Monday, July 14, 2008

Imagination Before Reason

“Reason can answer questions, but imagination has to ask them.”
-- Dr. Ralph Gerard

Dr. Ralph Gerard was devoted to scientific inquiry his whole life. Gerard had a mighty mind and terrific energy that he used to continually ask and answer questions of scientific inquiry. Gerard epitomized creativity. He used his imagination to envision new questions. And, new questions always lead to new answers.

I recently facilitated a visioning session for the American Choral Directors Association in Oklahoma City. Their leaders from all fifty states gathered to discuss the future. I led them through a day-long imaginative process not to find answers, but to discover new questions to ask. It takes courage and creativity to discover what the new questions that will guide your thinking should be. The leaders of ACDA showed tremendous imagination and courage and enthusiasm.

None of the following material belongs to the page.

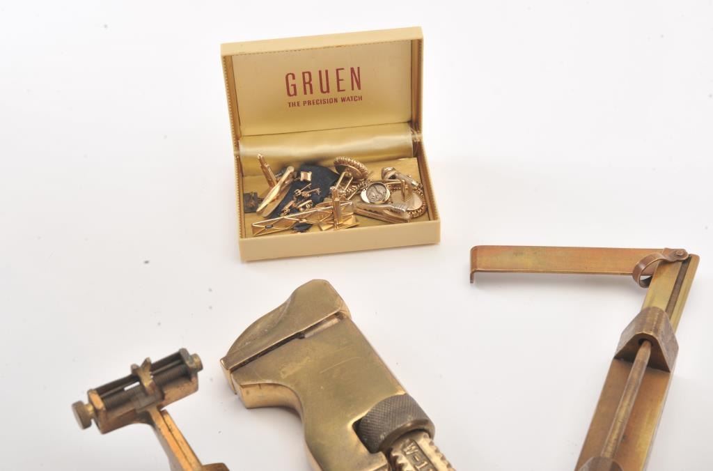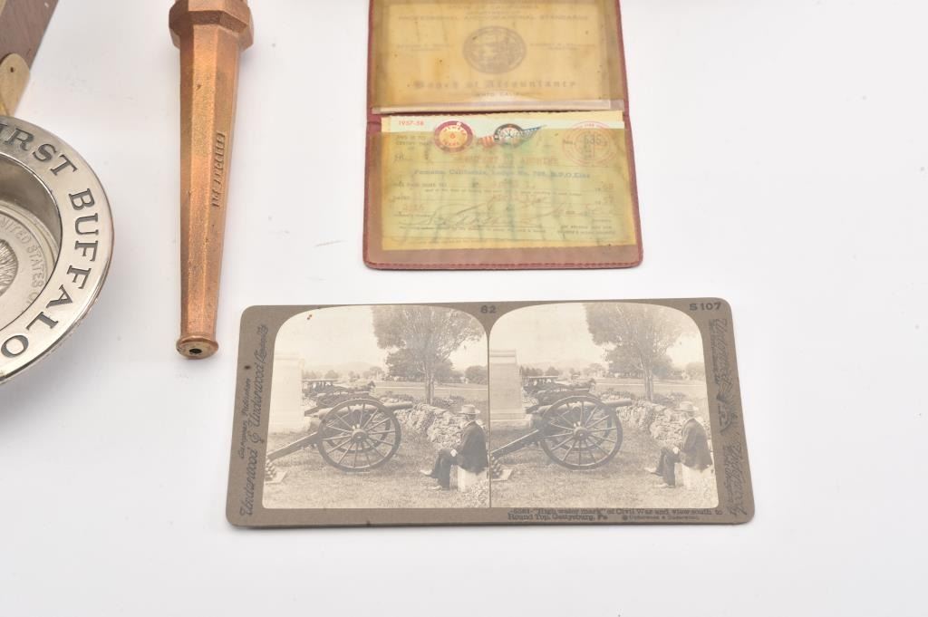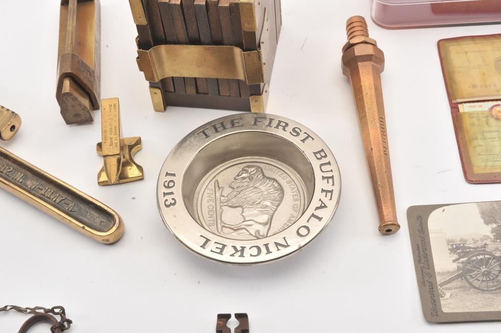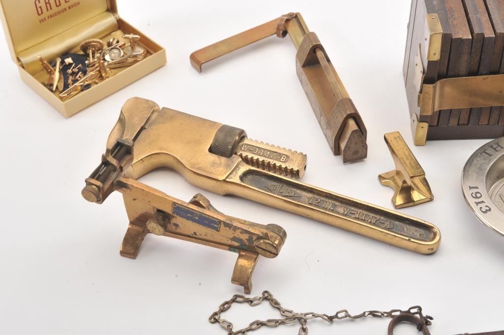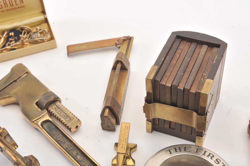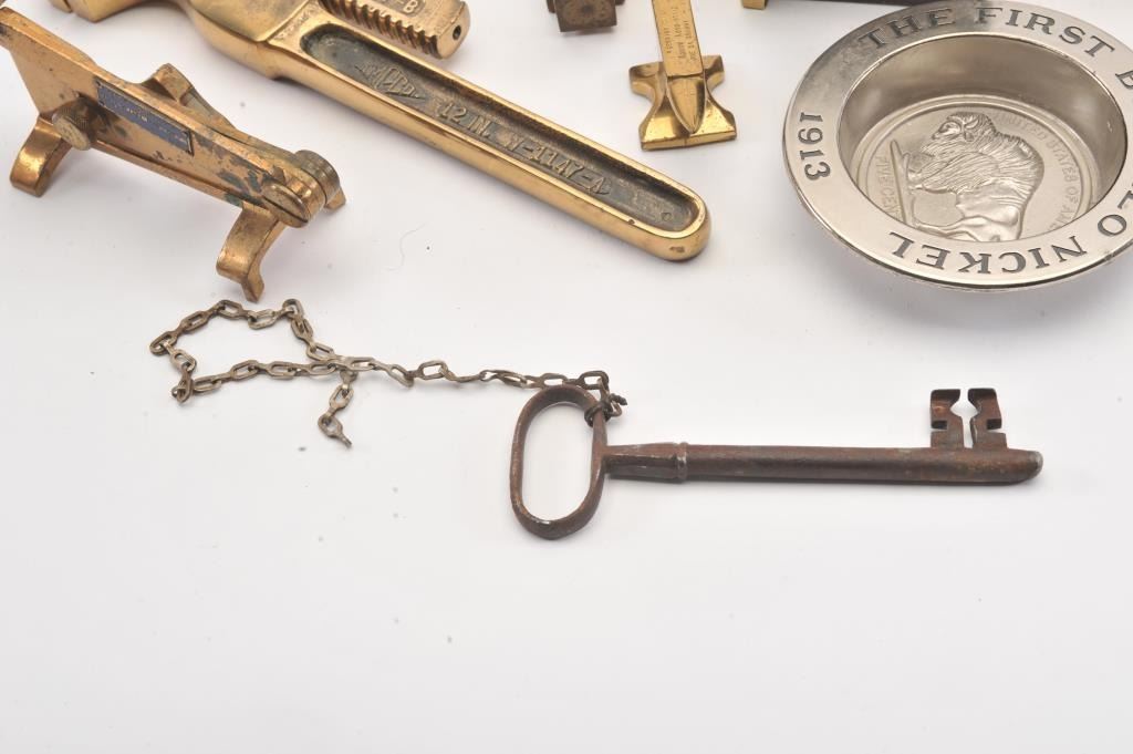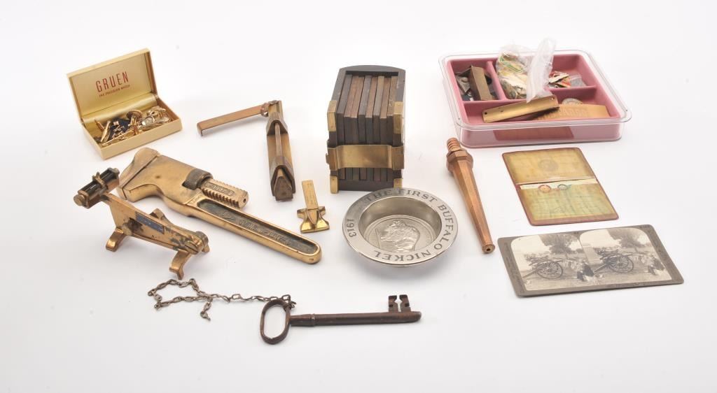 Interesting lot of collector smalls including an all brass vintage adjustable end wrench, several old brass weighing devices, an old large iron key, plus many misc. advertising pins, an old wood drink coaster set andholder, and more. Est.: $150-$300.

I always start this process by helping groups develop their external awareness, within their industry and within the culture at large. Organizations must be internally focused with budgets, projections, and personnel issues, but it is imperative that they are also externally aware. This process requires you to hold the vision and the strategic tactics and details in your minds and your decision-making all at the same time. It is a new demand upon our well-worn skill sets, but this synthesizing skill, or as I described it to the choral directors, the skill of symphony, is one that can be cultivated.

Once you have the right questions, the answers come. Using our well-practiced skills of logic and pragmatic reasoning, the answers come more easily than you think initially once the right questions are excavated.